ON CONSULTING assignments, here are some questions I frequently ask the employees I interview:

•    How does your boss measure you?
•    When the end of the year rolls around, how do you know if you have done a good job over the previous 12 months?
•    If you wanted to receive a raise double the amount that you typically receive, what do you believe you would have to do to qualify?

Only on rare occasions are employees (except for salesmen) able to answer these questions, as many owners and managers are still prone to give their people discretionary raises and, in many cases, discretionary year-end bonuses.

Experience has taught me that adults perform best when they know specifically what performance they must achieve to qualify for a specific dollar amount of year-end bonus incentive payment.
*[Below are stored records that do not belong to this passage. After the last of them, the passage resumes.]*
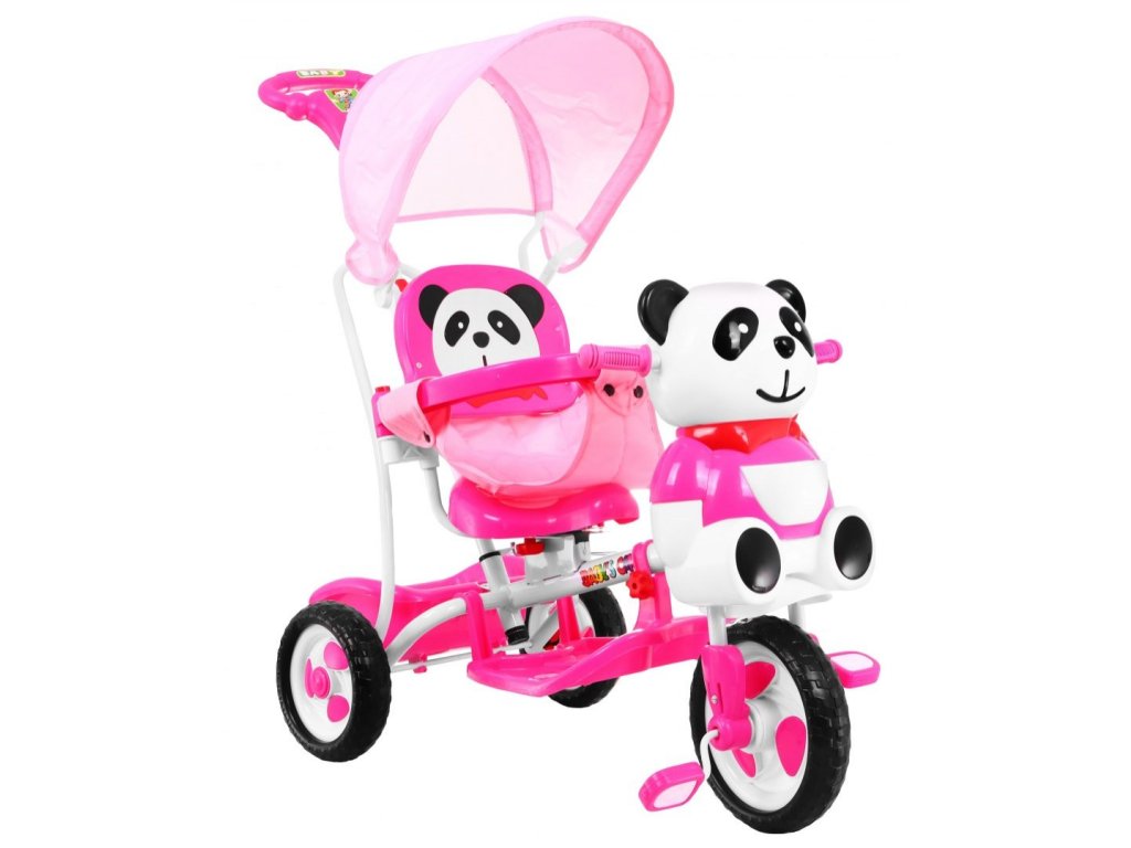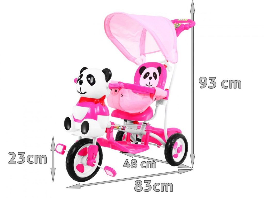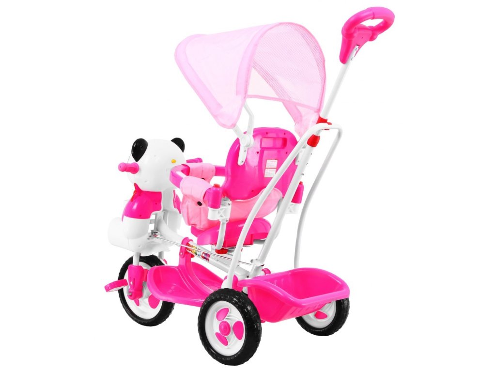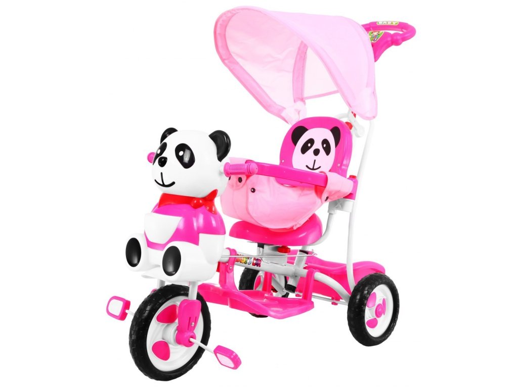 - gyermek tricikli vezetőrúddal, panda motívumban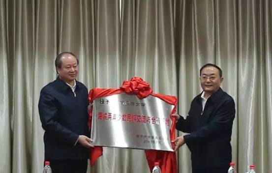 12月28日,國(guó)家民委副主任李昌平(右)向西南民族大學(xué)授牌“海峽兩岸少數(shù)民族交流與合作基地”。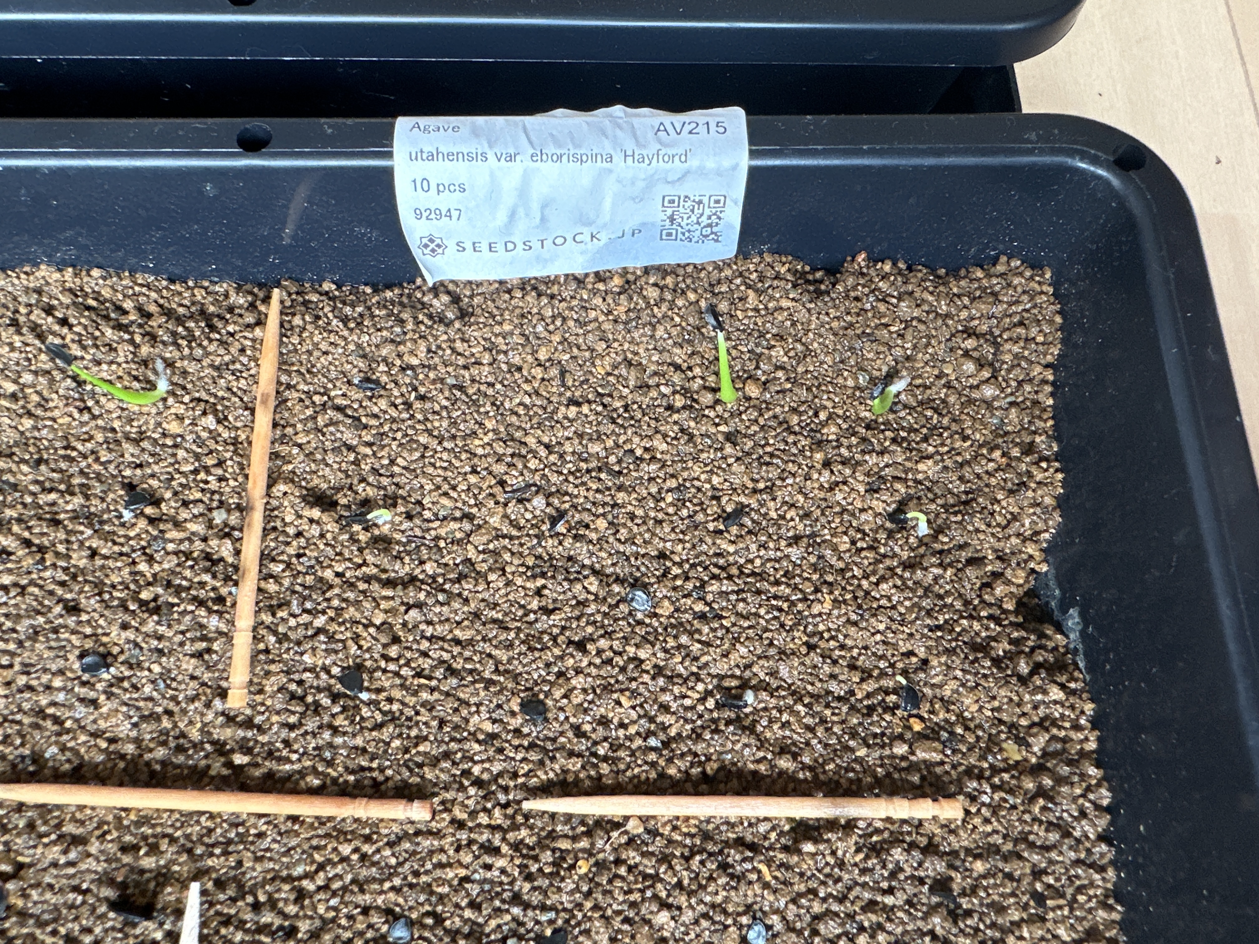 播種日:4/26撮影日:5/23発芽数:1/5粒特に前処理はせず、腰水にした赤玉土メインの用土へ刺し...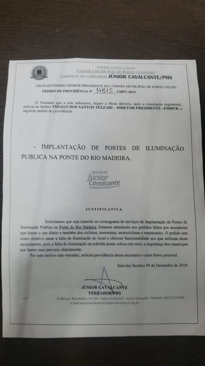 O vice-presidente da câmara, Vereador Júnior Cavalcante, está atento as demandas da população de Porto Velho que vinha reclamando com frequência da falta de iluminação pública na ponte do Rio Madeira.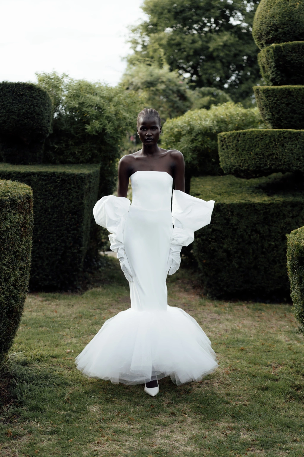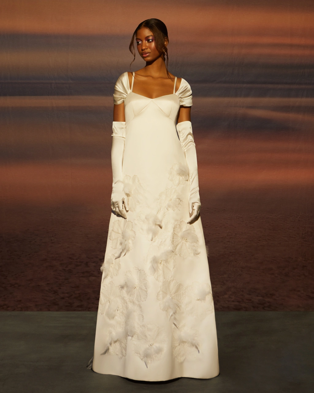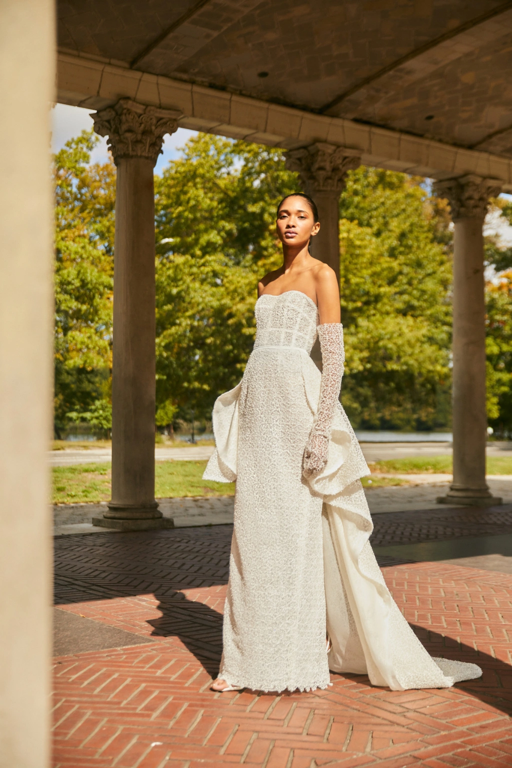 Gloves — an accessory steeped in wedding-day etiquette — reigned, but unconventional materials and playful proportions similar to those spotted on the spring runways of Prabal Gurung, Simone Rocha and Bottega Veneta were used to buck tradition, further aligning trends in bridal with those in ready-to-wear.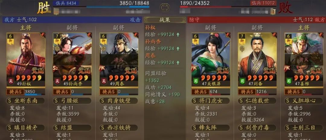 威谋靡亢能提供额外的输出和控制效果,结盟则与孙权形成联动。如果选折冲,就侧重保护。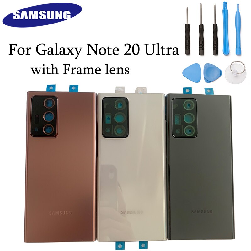 Original SAMSUNG Galaxy NOTE 20 Ultra 5G Battery glass Back Cover Rear Door Case Replacement Part with Frame lens with tools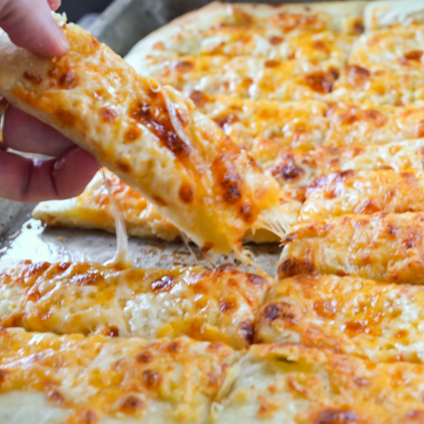 Pizzeria Style Cheesy Garlic Breadsticks. So easy and made from scratch.

In high school and college, students earn grades depending on how well they score on quizzes during the grading period. They know that if they get all the answers right all year, the odds are excellent that they will earn an A grade.

In baseball, most players are paid a salary, but most are also paid a specific incentive payment based on how they perform against measurable objectives, such as stolen bases, homeruns, batting average and runs scored.

Of course, assigning someone a measurable goal is no guarantee that they will achieve the goal, but at least they know what they have to do to earn “x” reward.

In business, just like in life, performance rewards improve the odds that people will go the extra mile to earn the prize.

The name they give this motivation is called “winning”.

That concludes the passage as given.